Eden fell in battle on 10/7. Her friend continued her journey as the commander of her soldiers. This is a story of the women IDF fighters.
In a battle on the Zikim base, Sergeant Eden Alon Levi, fell, while protecting her recruits with her body. Without thinking twice, her closest friend from the beginning of her service, Sergeant L., stepped into her big shoes and assumed command of the class that was left without a company commander.
She trained them and continued by their side even when they joined the battalion - while digesting the bereavement that bound them together all the way
"Every step I've taken as a commander and fighter since October 7 - I've thought about Eden," was how Sergeant L. began our conversation about her good friend, the late Sergeant Eden Alon Levi. "We were inseparable from the first day in the IDF. We went through every stage together, from the basic training to the "Commanders" course.
At the end of the course, their paths parted for the first time when Sergeant Eden Alon Levy was assigned as a recruit commander and Sergeant L. returned to command the Tavor Battalion. On that Black Sabbath, the late Eden fell in battle at Bizikim while protecting her recruits.
"Just two weeks after she was killed, a new recruit commander had to be found for her class," says Sergeant L., "Thanks to the fact that I knew her best, I knew how to continue her path exactly as she would have wanted."
Sergeant L. quickly found herself facing the most difficult question - how to step into her shoes?
"I didn't even know how to introduce myself to the soldiers or what the right way to address what they had been through and who they had lost was," she explains.
"Besides the fact that I had lost a good friend - they had lost a commander, and that was no less difficult."
The rookie platoon found the notebooks of her friend who had fallen in battle and searched for a starting point in the content. Above all the summaries and lesson plans she had prepared, a sentence loomed large, the same one that she remembered the late Eden saying all the time:
"Always raise your head, not your hands."
From that moment on, she understood that her job was to pass on to the rookies everything they didn't have time to receive from their commander before she fell.
"The first step was to build trust between us," she shares honestly, "We learned together how to contain the common bereavement that fell upon us. We experienced challenging moments in which we strengthened each other in order to be able to move on."

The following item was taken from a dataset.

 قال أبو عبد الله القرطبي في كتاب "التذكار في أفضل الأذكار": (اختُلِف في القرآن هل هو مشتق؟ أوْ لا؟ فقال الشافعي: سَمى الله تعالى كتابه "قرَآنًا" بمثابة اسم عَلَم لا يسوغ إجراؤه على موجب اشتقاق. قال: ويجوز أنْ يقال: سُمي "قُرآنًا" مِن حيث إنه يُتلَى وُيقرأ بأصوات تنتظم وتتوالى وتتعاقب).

Four and a half months later, the soldiers of the class completed their training and were assigned to the 'Venus' Company in the Tavor Battalion, alongside Sergeant L.: "Because I entered the position in the middle of training, and my connection with the late Eden, I got to know them in depth and a very special bond was formed between us."
The company has been taking up positions in Judea and Samaria since the beginning of the war. "In every arrest, operation or training that might have seemed complicated at first," she admits, "we learned together that everything can be overcome."

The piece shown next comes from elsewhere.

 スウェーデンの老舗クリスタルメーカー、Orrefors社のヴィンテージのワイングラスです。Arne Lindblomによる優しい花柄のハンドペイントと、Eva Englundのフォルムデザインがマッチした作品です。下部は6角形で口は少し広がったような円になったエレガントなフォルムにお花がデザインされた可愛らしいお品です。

The event she remembers most is a classified rescue operation they carried out across the border: "There, they became the safest place for me, as I hope I was for them. We carried out one of the most complex missions the battalion has had since the beginning of the war - but thanks to the fact that the team is close-knit and everyone knows each other, we functioned exactly as we should."

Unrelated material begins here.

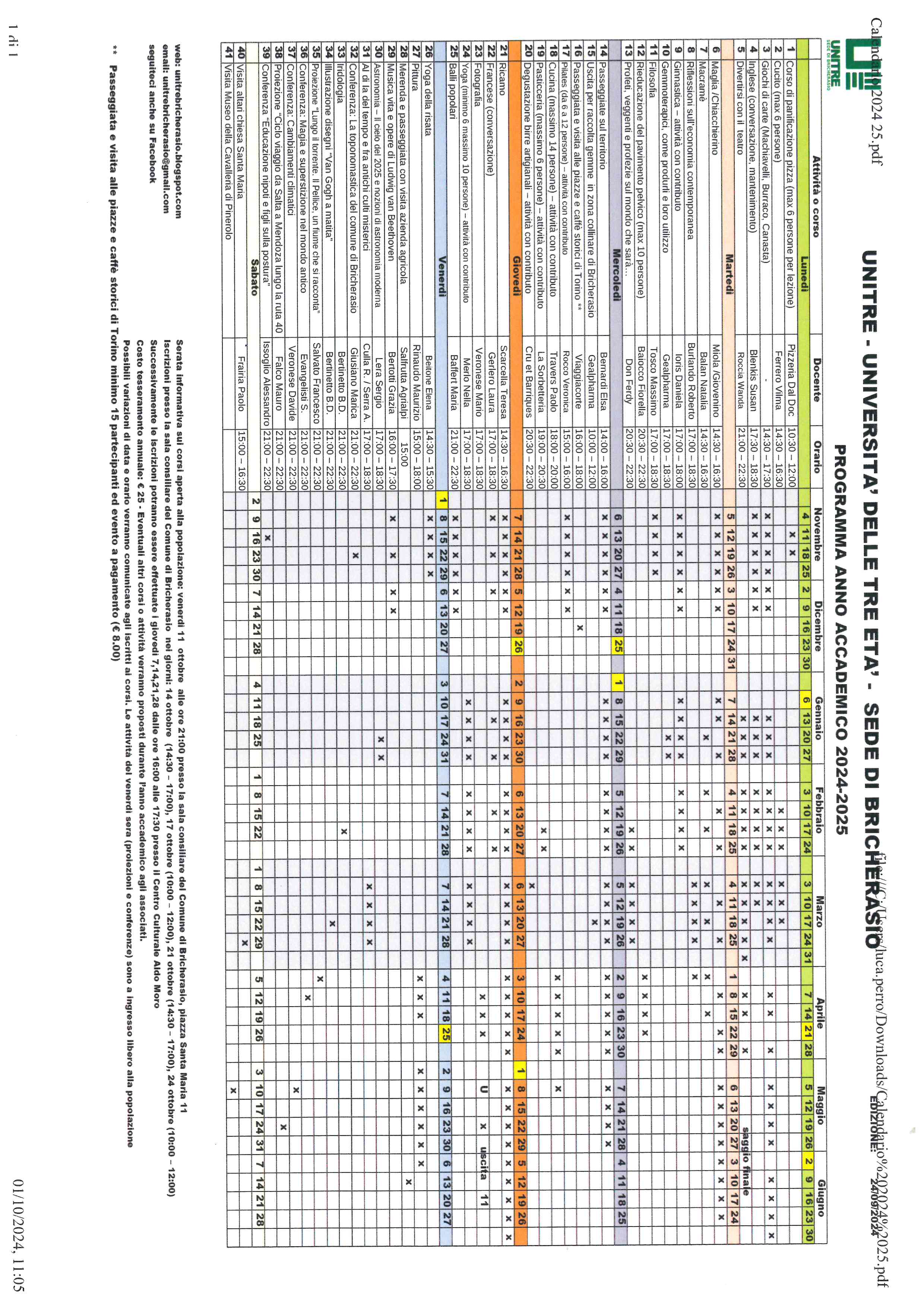 Giovedì 24 ottobre dalle ore 10 alle 12:00 ultimo giorno per le iscrizioni nella Sala Consigliare del Comune di Bricherasio al ricco programma dell’anno accademico 2024/25 dell'Unitre bricherasiese. Successivamente le adesioni potranno essere effettuate i giovedì del mese di novembre dalle 16 alle 17,30 al Centro Culturale “Aldo Moro”, di Via Vittorio Emanuele II, 79/B sede della maggior parte dei corsi. Il costo del tesseramento annuale è di € 25 e da diritto a frequentare tutti i corsi (salvo raggiungimento limite massimo per quelli specificati) e le conferenze del venerdì, aperte anche alla popolazione. La sede di Bricherasio dell’Università delle tre età ha cercato di non creare sovrapposizioni tra più corsi, anche se alcune si sono rese necessarie e si chiede quindi di porre attenzione agli orari di effettuazione dei corsi di interesse dei partecipanti. In caso di iscrizione ad un corso a numero chiuso e successiva impossibilità da parte degli iscritti alla partecipazione, si invitano tutti a comunicare prontamente la disdetta, in quanto devono subentrare eventuali persone in lista di attesa. Anche l’impossibilità di partecipazione agli altri corsi dovrebbe essere comunicata, in quanto i docenti possono avere la necessità di conoscere il numero degli iscritti per preparare la lezione, oppure è utile conoscere quanti sono i partecipanti nel caso di produzione di dispense o materiale didattico. La sede di Bricherasio offre svariate materie che si “studiano” dal lunedì al venerdì mentre il sabato è dedicato alle visite e gite. I corsi che iniziano ancora di quest’anno sono Conversazione di Inglese, Maglia e Chiaccherino, Filosofia, Ricamo, Conversazione di Francese, Balli popolari, Yoga della risata, Giochi di carte, Panificazione pizza e Musica con vita e opere di Beethoween che si svolgono al Centro Culturale “Aldo Moro”, da dove partono le passeggiate per il paese. Nella sala della Società di Mutuo Soccorso in Via Brignone, si tengono le lezioni di Ginnastica mentre a Casa Ruth in via Bell Ville si svollge il Pilates. Previste alcune uscite sul territorio come la visita alle piazze ed i caffè di Torino e le confereanze sull’Educazione della postura di figli e nipoti e quella sulla toponomastica del Comune di Bricherasio. Per ogni informazione o comunicazione, si deve utilizzare l’indirizzo email unitrebricherasio@gmail.com oppure si può contattare il responsabile del corso o un componente del direttivo. Inoltre gli aggiornamenti si possono reperire sia sul sito web: unitrebricherasio.blogspot.com oppure sulla pagina facebook dell’Unitre.

Now, the fighters who were Eden's rookies in that battle in Zikim are already celebrating a year in the battalion.
Sergeant L. cannot hide the excitement and pride in her eyes: "In two weeks I will be discharged and we will hold a recurring event dedicated to her memory. If I could give them one thing just before, it would be to never give up on themselves and to remember why they are here. No matter what, I will be by their side - and so will Eden."